Attributions for ML-based ICS Anomaly Detection

This repository contains code for the paper: "Attributions for ML-based ICS anomaly detection: From theory to practice", to appear at the 31st Network and Distributed System Security Symposium (NDSS 2024).

Bibtex

@inproceedings{icsanomaly:ndss2024,
  title = {Attributions for {ML}-based {ICS} Anomaly Detection: {From} Theory to Practice},
  author = {Clement Fung and Eric Zeng and Lujo Bauer},
  booktitle = {Proceedings of the 31st Network and Distributed System Security Symposium},
  publisher = {Internet Society},
  year = 2024,
}  

Table of Contents

Core Experiment Workflow

• Requirements
• Installation
• Data Setup
• Workflow 1 - CNN on SWaT Dataset
• Workflow 2 - CNN on TEP Dataset

Reference information

• Overview of the Repository
• Dataset Descriptions
• Model Descriptions
• Parameters

Core Experiment Workflow

Requirements

This project uses Python3 and Tensorflow 1, which requires 64-bit Python 3.7 (or lower). The best way to get set up is with a Python virtual environment (we recommend using conda). If you don't already have Anaconda3 installed, find your machine's installer here and complete the installation process. We also recommend using a Linux machine to avoid problems with executing Bash scripts.

Our primarily development environment was a commodity desktop with 32 GB RAM, using Ubuntu 20.04. To store all packages, datasets, trained models, and output files, approximately 10 GB of storage is sufficient. If downloading and testing on the full set of TEP manipulations, another 50 GB is required.

Installation

If you are on a Windows machine, we recommend using the Anaconda Prompt that came with the Anaconda3 installation. Otherwise, simply use the terminal. Ensure that conda is up to date with:

conda update conda --all

Create a Python 3.7 virtual environment called venv and activate it:

conda create --name venv python==3.7
conda activate venv

Clone this repository with:

git clone https://github.com/pwwl/ics-anomaly-attribution.git

Navigate into the repository and install the requirements for this project:

cd ics-anomaly-attribution
pip install -r requirements.txt

Data Setup

This repository is configured for three datasets: TEP, SWAT, and WADI.

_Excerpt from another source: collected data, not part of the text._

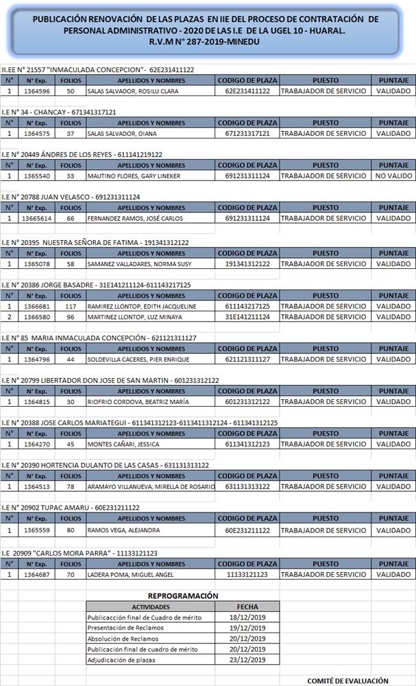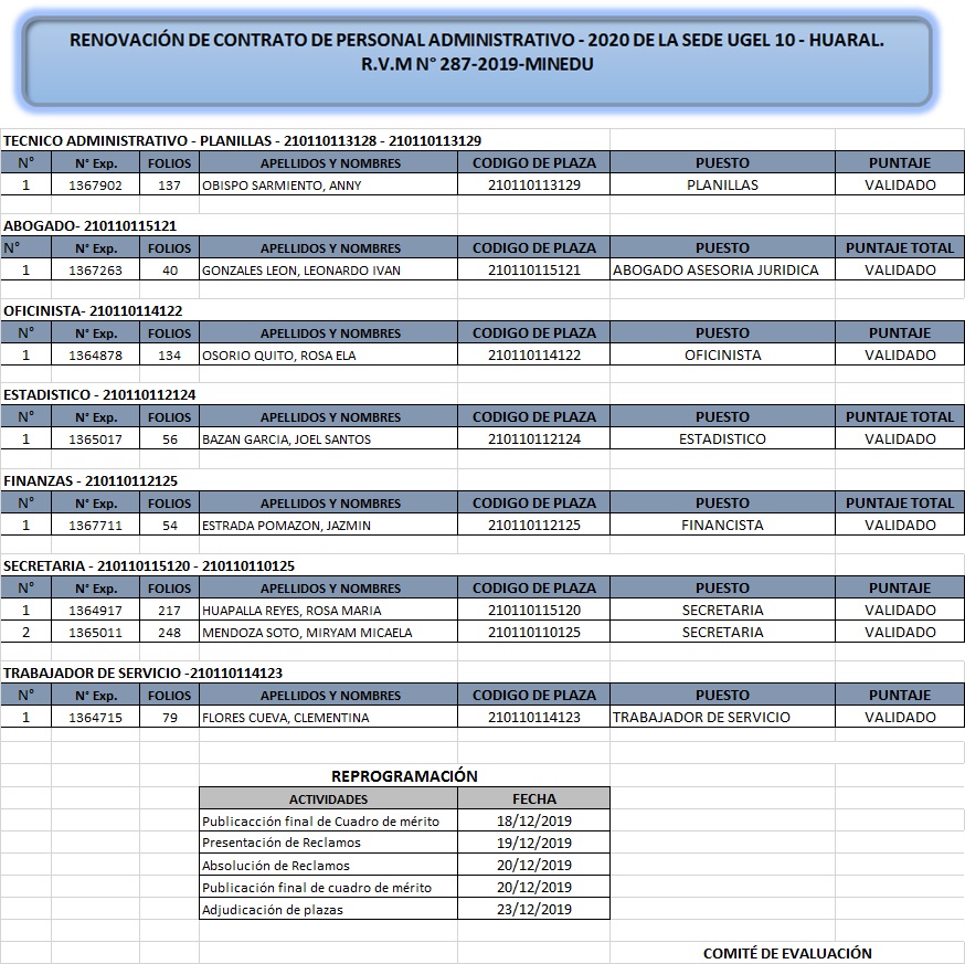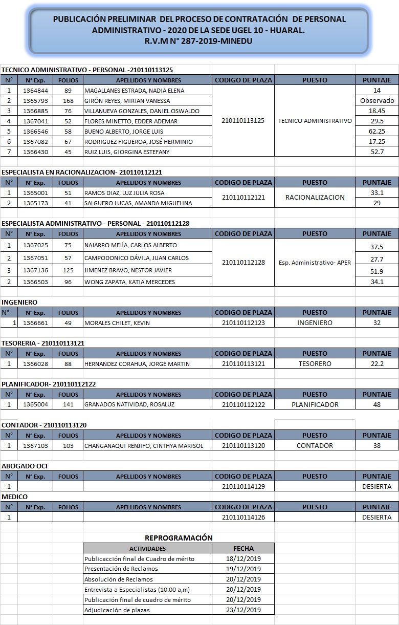 18 Dic,2019 Convocatorias COMMENTS Evaluación Preliminar del Proceso de Contratación de Personal Administrativo - 2020.
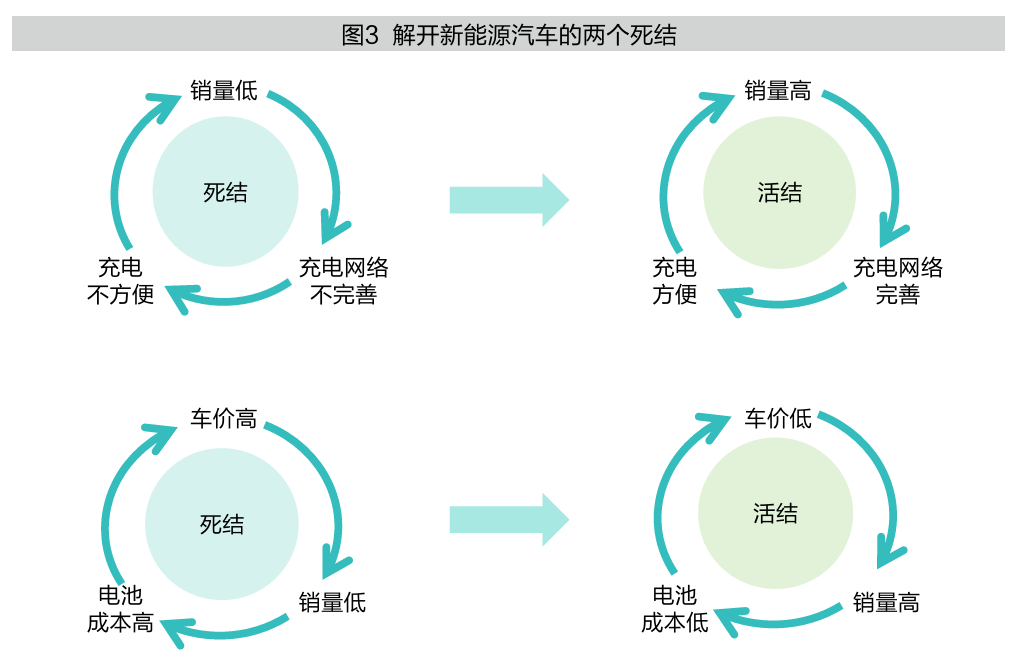 新能源汽车电池价格和充电网络是影响顾客购买行为的主要因素。如图3所示,充电网络不完善和电池成本高是制约新能源汽车发展的两个死结:一方面,电池成本高导致新能源汽车价格高,直接影响汽车销量;另一方面,充电网络基础设施不完善导致充电不方便,也直接影响汽车销量。为了打破死结,许多车企都在探索适合自己的补能商业模式。进入补能新时代后,越来越多的新能源汽车企业、充电服务企业及高科技企业开始布局超充市场。例如,2024年华为率先提出计划在全国340多个城市部署超过10万个全液冷超快充充电桩。此外,广州、深圳等城市提出要建设“超充之都”“超充之城”,反映出地方政府在支持新能源汽车基建方面的决心。换电模式也逐渐成为一种用户喜爱的高效补能商业模式。截至目前,我国主要城市的换电站数量已超过3600座,基本解决了一般城市消费者的里程焦虑。
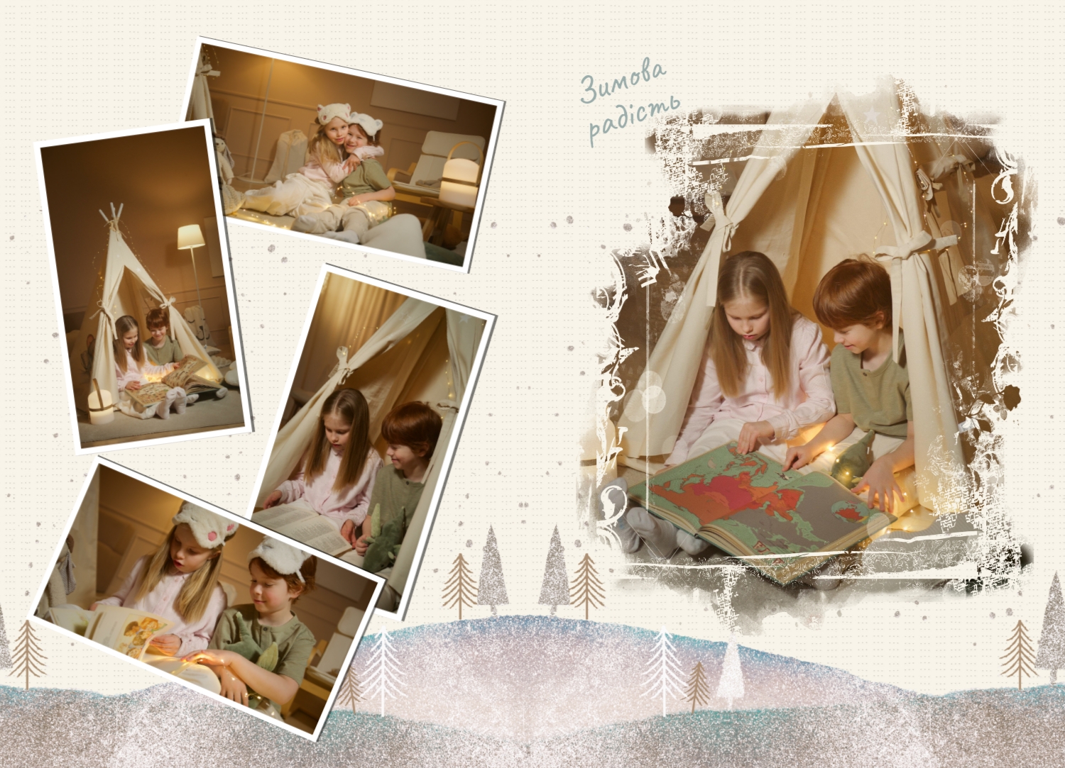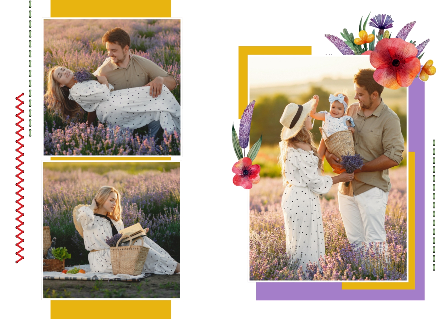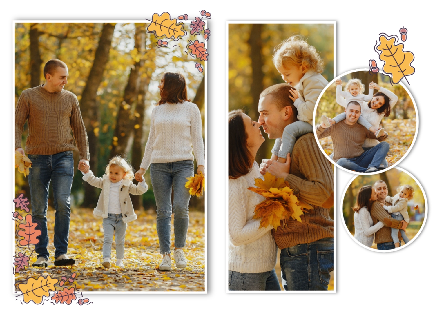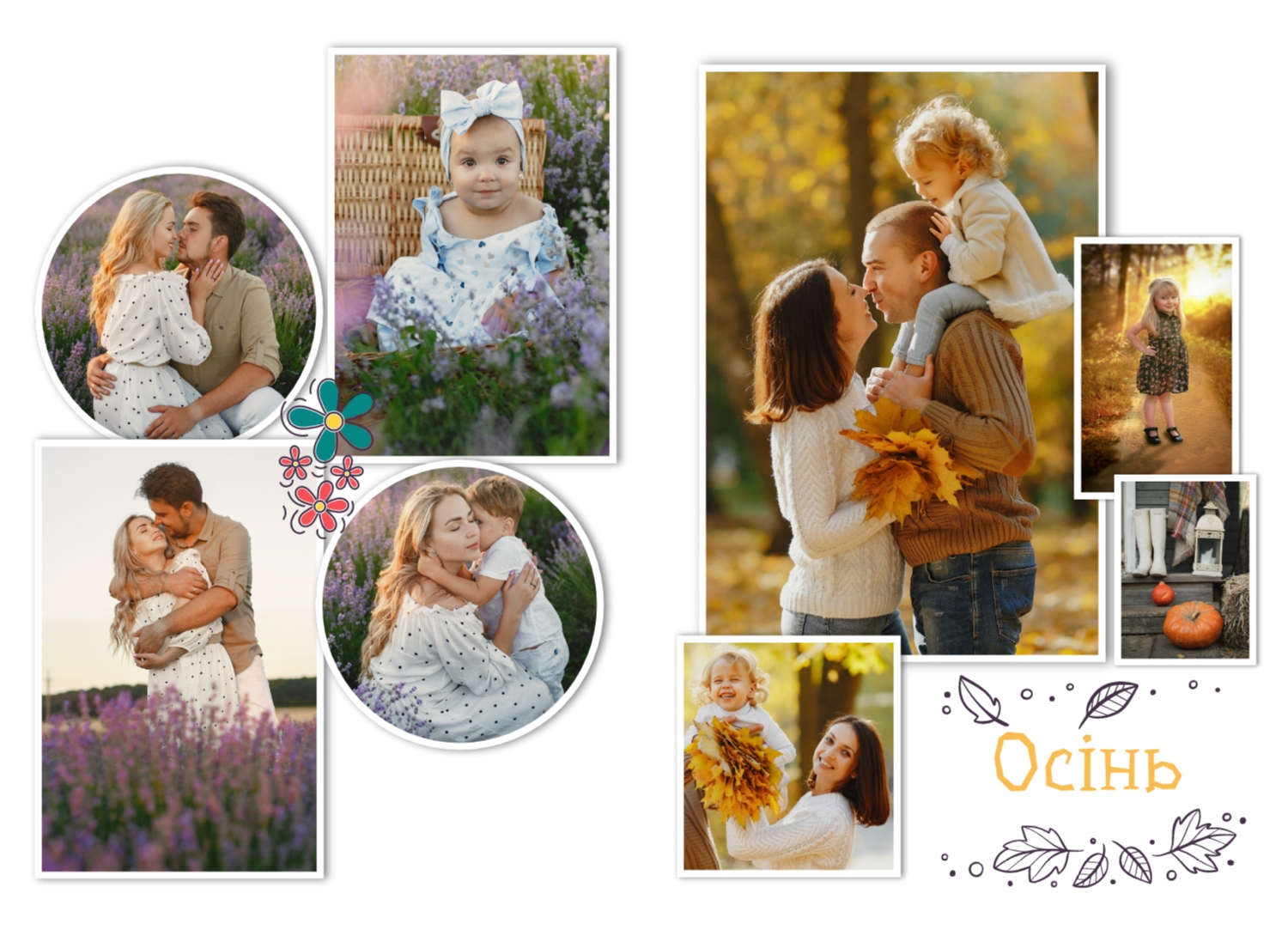 Безкоштовний шаблон сімейної фотокниги з найкращими спогадами. Створіть макет власноруч в онлайн-конструкторі фотокниг.
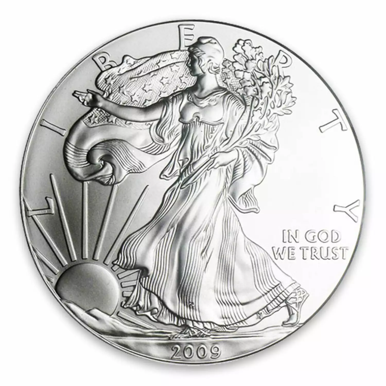 The 2009 1 oz American Silver Eagle contains 1 troy ounce of .999 fine silver and has a face value of $1. The beautiful patriotic design and purity of these silver coins make them highly popular among investors and collectors.

The TEP dataset is generated from a public simulator (uses MATLAB). For convenience, the TEP training dataset is included.

The raw SWaT and WADI datasets need to be requested through the iTrust website.

For instructions on how to setup and process the raw datasets, see the associated README files in the data directory.

Workflow 1 - CNN on SWaT Dataset

This workflow will walk you through training a CNN model on the SWaT dataset, as well as generating explanations on a singular attack. Ensure you have retrieved the dataset as mentioned here.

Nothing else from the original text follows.